BEGIN Supplied records
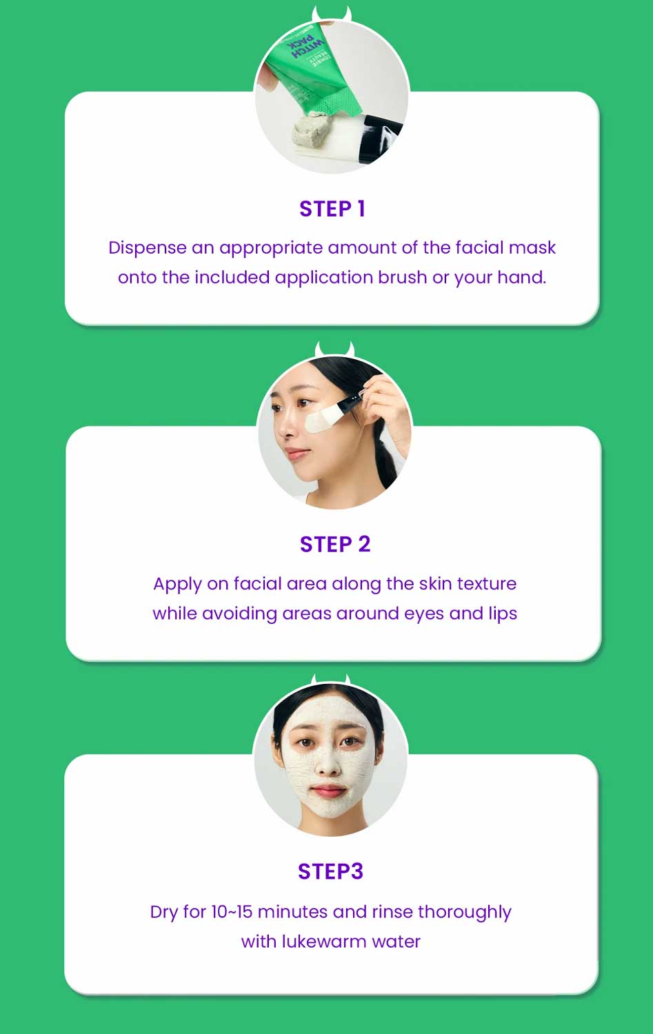 نحوه استفاده: هفته ای 1 تا 2 بار محتوای یک بسته ماسک را توسط برس موجود در کیت بر روی صورت پخش می کنیم، 10 تا 15 دقیقه صبر کرده و سپس با آب ولرم آبکشی می کنیم.
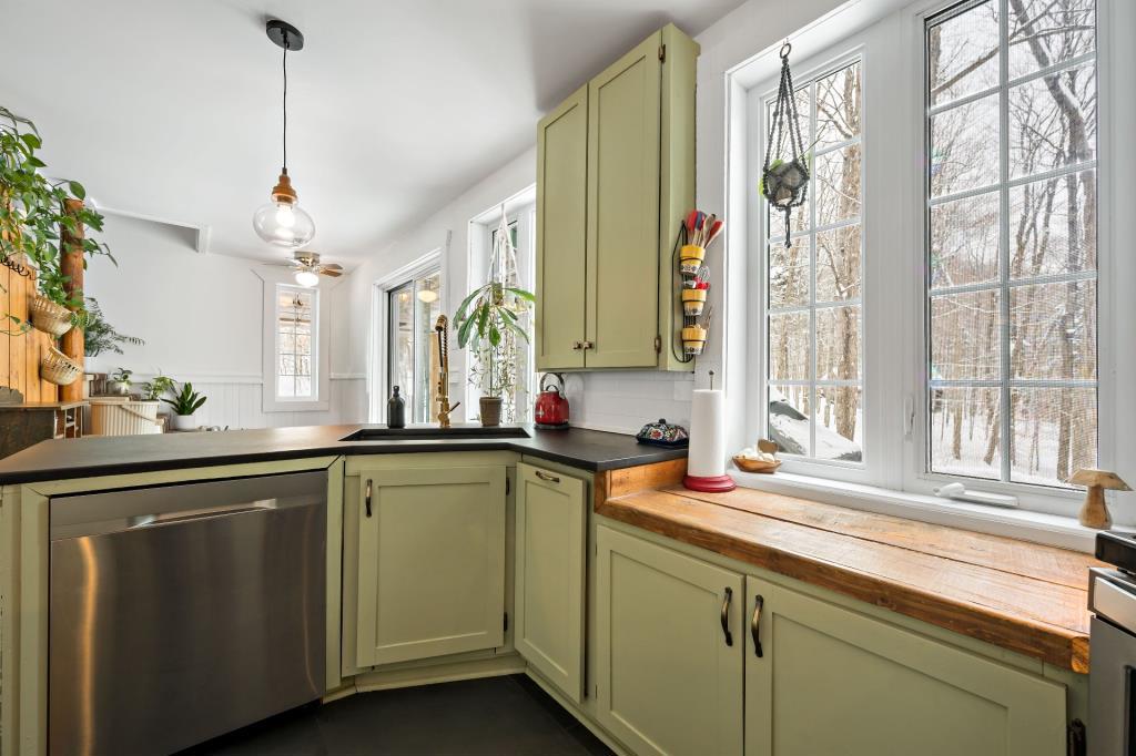 À proximité, la grande cuisine séduit par sa fonctionnalité et son organisation. Tout y est pensé pour faciliter le quotidien : de nombreux espaces de rangement permettent de garder les lieux ordonnés, tandis que les surfaces de travail généreuses offrent tout le nécessaire pour cuisiner avec aisance. La vue sur la nature environnante ajoute une dimension apaisante à l’ensemble, transformant chaque moment passé en cuisine en une expérience agréable et inspirante.
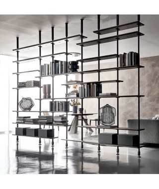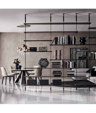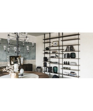 Scenografica, versatile e funzionale, è la libreria modulare di design che porta il segno creativo di Giorgio Cattelan. Autentica espressione del proprio stile, Airport è un sistema di arredo flessibile e personalizzabile a propria misura. Con fissaggio a muro o a soffitto, è posizionabile sia a parete, anche in versione angolare, sia in centrostanza. Risulta perfetta, infatti, come elemento divisorio di un grande ambiente grazie ai ripiani in legno ed ai pratici contenitori. La ricerca sui materiali di altissima qualità si esprime nella gamma delle finiture proposte per questa libreria in legno moderna.
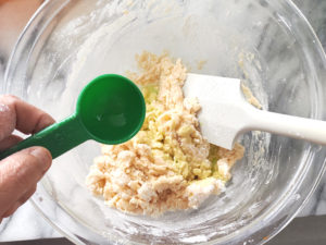 ![]() 3:耐熱ボールに薄力粉をふるって加え、ゴムベラで練らないように、粉っぽさがなくなるまで混ぜます。 |
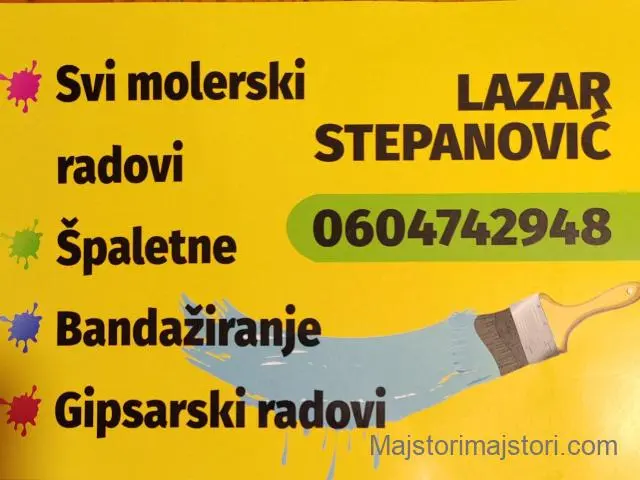 Obavljam sve molerske poslove, brzo, pedantno i čisto. Obrada oko prozora i vrata, gipsaeski radovi, tehnike.
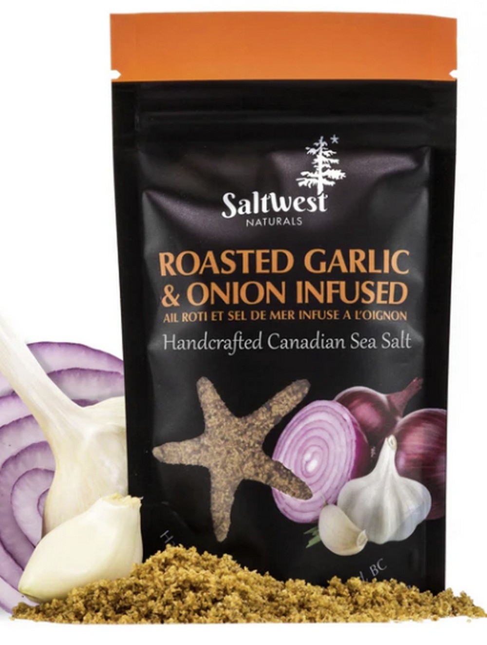 Our #1 infused Canadian sea salt flavour… Using high quality garlic cloves & diced onions we slowly roasted them with the sea salt to create rich sweet caramelized characteristic, perfect to season fish, meats, and veggies. Try a sprinkle on some pan-fried prawns, sauteed mushrooms or roasted potatoes. Rub it on steak, chicken or pork to enhance and finish with some fresh herbs.
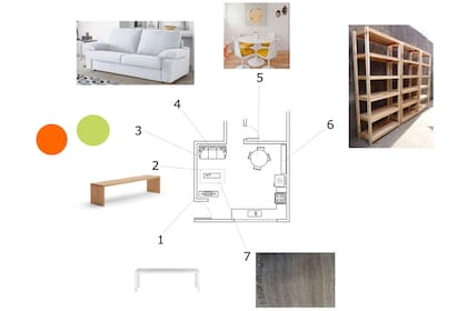 Referencias: 1. La mesa de TV de acuerdo a la escala de la pared. | 2. La mesa ratona debe combinar diseño y funcionalidad. | 3. Para la pared, algún color intenso (podría ser un verde lima -si se busca un color frio- o algún naranja intenso -si se busca algún que sea cálido-). | 4- El sillón del living que sea cómodo y mullido, y que incluya almohadones para darle mayor sensación de confort. | 5. La mesa redonda con un diámetro que se adapte al espacio disponible. | 6. Sobre este muro, un mueble bajo o alto, dependiendo de las necesidades. | 7. Una alfombra para ayudar a definir mejor el espacio.
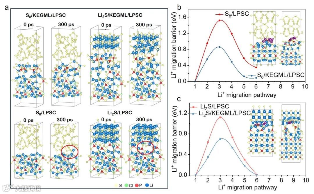 图 6. a) 经过 AIMD 模拟(300 皮秒)后所选的 S8/KEGML/LPSC、Li2S/KEGML/LPSC、S8/LPSC 和 Li2S/LPSC 模型的结构变化。b) 在 b) S8/KEGML/LPSC、S8/LPSC,c) Li2S/KEGML/LPSC 和 Li2S/LPSC 界面处 Li+ 迁移路径的能量分布。
END Supplied records
The required response consists solely of the lines from the line containing "Scenografica, versatile e" through the end of the listing, both ends included, copied exactly without pictures.

 Scenografica, versatile e funzionale, è la libreria modulare di design che porta il segno creativo di Giorgio Cattelan. Autentica espressione del proprio stile, Airport è un sistema di arredo flessibile e personalizzabile a propria misura. Con fissaggio a muro o a soffitto, è posizionabile sia a parete, anche in versione angolare, sia in centrostanza. Risulta perfetta, infatti, come elemento divisorio di un grande ambiente grazie ai ripiani in legno ed ai pratici contenitori. La ricerca sui materiali di altissima qualità si esprime nella gamma delle finiture proposte per questa libreria in legno moderna.
 ![]() 3:耐熱ボールに薄力粉をふるって加え、ゴムベラで練らないように、粉っぽさがなくなるまで混ぜます。 |
 Obavljam sve molerske poslove, brzo, pedantno i čisto. Obrada oko prozora i vrata, gipsaeski radovi, tehnike.
 Our #1 infused Canadian sea salt flavour… Using high quality garlic cloves & diced onions we slowly roasted them with the sea salt to create rich sweet caramelized characteristic, perfect to season fish, meats, and veggies. Try a sprinkle on some pan-fried prawns, sauteed mushrooms or roasted potatoes. Rub it on steak, chicken or pork to enhance and finish with some fresh herbs.
 Referencias: 1. La mesa de TV de acuerdo a la escala de la pared. | 2. La mesa ratona debe combinar diseño y funcionalidad. | 3. Para la pared, algún color intenso (podría ser un verde lima -si se busca un color frio- o algún naranja intenso -si se busca algún que sea cálido-). | 4- El sillón del living que sea cómodo y mullido, y que incluya almohadones para darle mayor sensación de confort. | 5. La mesa redonda con un diámetro que se adapte al espacio disponible. | 6. Sobre este muro, un mueble bajo o alto, dependiendo de las necesidades. | 7. Una alfombra para ayudar a definir mejor el espacio.
 图 6. a) 经过 AIMD 模拟(300 皮秒)后所选的 S8/KEGML/LPSC、Li2S/KEGML/LPSC、S8/LPSC 和 Li2S/LPSC 模型的结构变化。b) 在 b) S8/KEGML/LPSC、S8/LPSC,c) Li2S/KEGML/LPSC 和 Li2S/LPSC 界面处 Li+ 迁移路径的能量分布。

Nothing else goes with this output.